How does the court know if I would have been able to find work in the past if not for my injuries? How do family and other competing factors influence my claim? What other factors in my life will the court look at to determine if I would have worked?
In the November 25, 2015 judgment of Touran v. Charette 2015 BCSC 2165 (http://www.courts.gov.bc.ca/jdb-txt/sc/15/21/2015BCSC2165.htm) Mr. Justice Joyce had to determine if there was a real and substantial possibility that the plaintiff would have worked; had the crash not occurred. The plaintiff had very little pre – crash work history, a son with mental health and drug problems, another son who was injured and she cared for at her home and a daughter, a single parent, who lived with her from time to time. The defendant argued that the plaintiff’s busy schedule, coupled with her lack of education and job skills make it unlikely that she would have entered the workforce, regardless of the crash. Mr. Justice Joyce considered the circumstances of the plaintiff’s family as a whole, and made an award for past loss of income earning capacity at $50,000.00.

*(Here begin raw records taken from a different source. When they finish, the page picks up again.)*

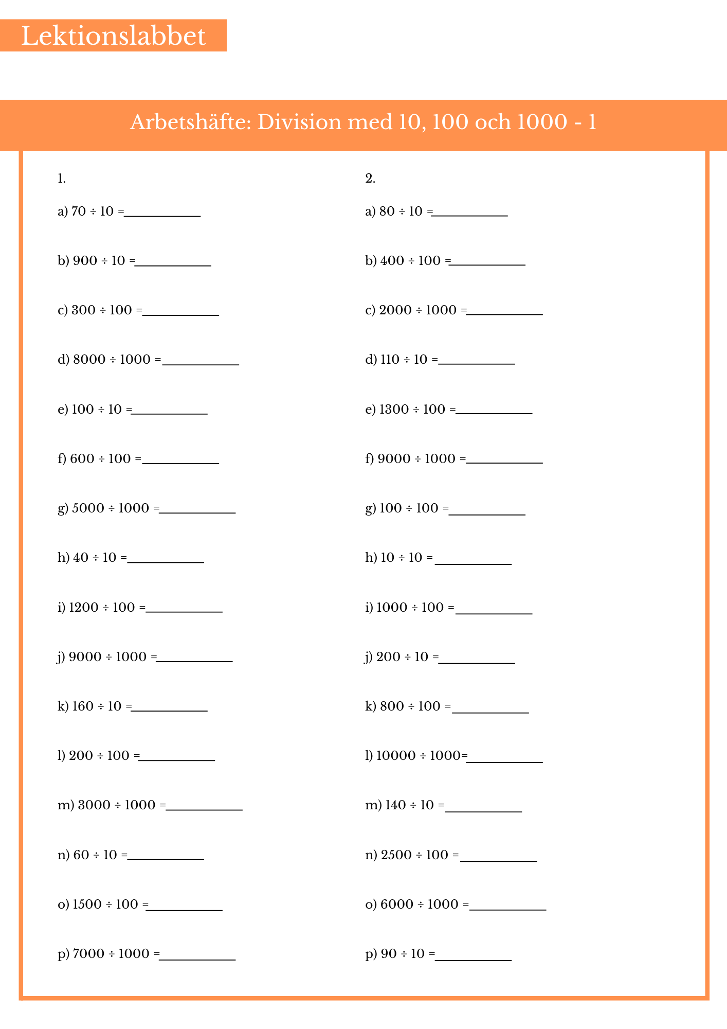 Öva på kort division med 100 och 1000 - tal. Tal där det går jämnt ut i slutet.
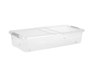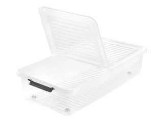 Vākus var droši aizvērt ar praktiskiem klipšiem. 90° ritenīši nodrošina elastīgu pārvietošanu un ļauj kasti ērti novietot zem gultām vai dīvāniem.
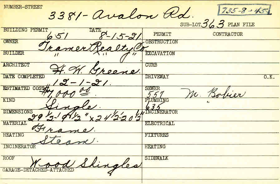 3381 Avalon Road Shaker Heights, OH 44120 PARCEL ID: 735-08-045 Building Permit Date: 08-15-1921 Plan File Number: 0 Neighborhood: Fernway Owner: Tramer Realty Company Builder: Tramer Realty Company Architect: Greene, H. W. Estimated Cost: 7000 Date Completed: 12-01-1921 Kind: Single, Single Residence or Dwelling Material: Frame Heating: Steam Roof: Wood Shingle  |

 The plaintiff has limited education and has acquired few marketable skills in the kind of work that she did engage in prior to the motor vehicle Accident. It would not have been easy for her, with these limitations and at her age, to compete in the job market for the kinds of positions that would have been available.
 On the other hand, her husband was pressing her to find work before the Accident, in order to contribute to the family income. I believe that there is a real and substantial possibility that the plaintiff would have found work; although I also think it is likely that the work that she would have found would have been at the lower end of the range suggested by Mr. Carlin. I am also of the view that there is a very good chance that the plaintiff would not have been able to maintain full-time employment given her dedication to her children and the demands that they placed on her time. Employment for the plaintiff was something that would have helped ease the financial burden on the family, but was not a necessity for the plaintiff. She and her husband were doing alright with his income from the computer store. In my assessment of the plaintiff, she would put her children and grandchild, and their needs, ahead of an increased family income.
 Taking into account these negative contingencies and taking into account, as well, my assessment that the plaintiff has had the capacity to look for and undertake some part-time employment of a sedentary nature but has not done so, I assess the plaintiff’s loss earning capacity as a result of the motor vehicle Accident at $50,000.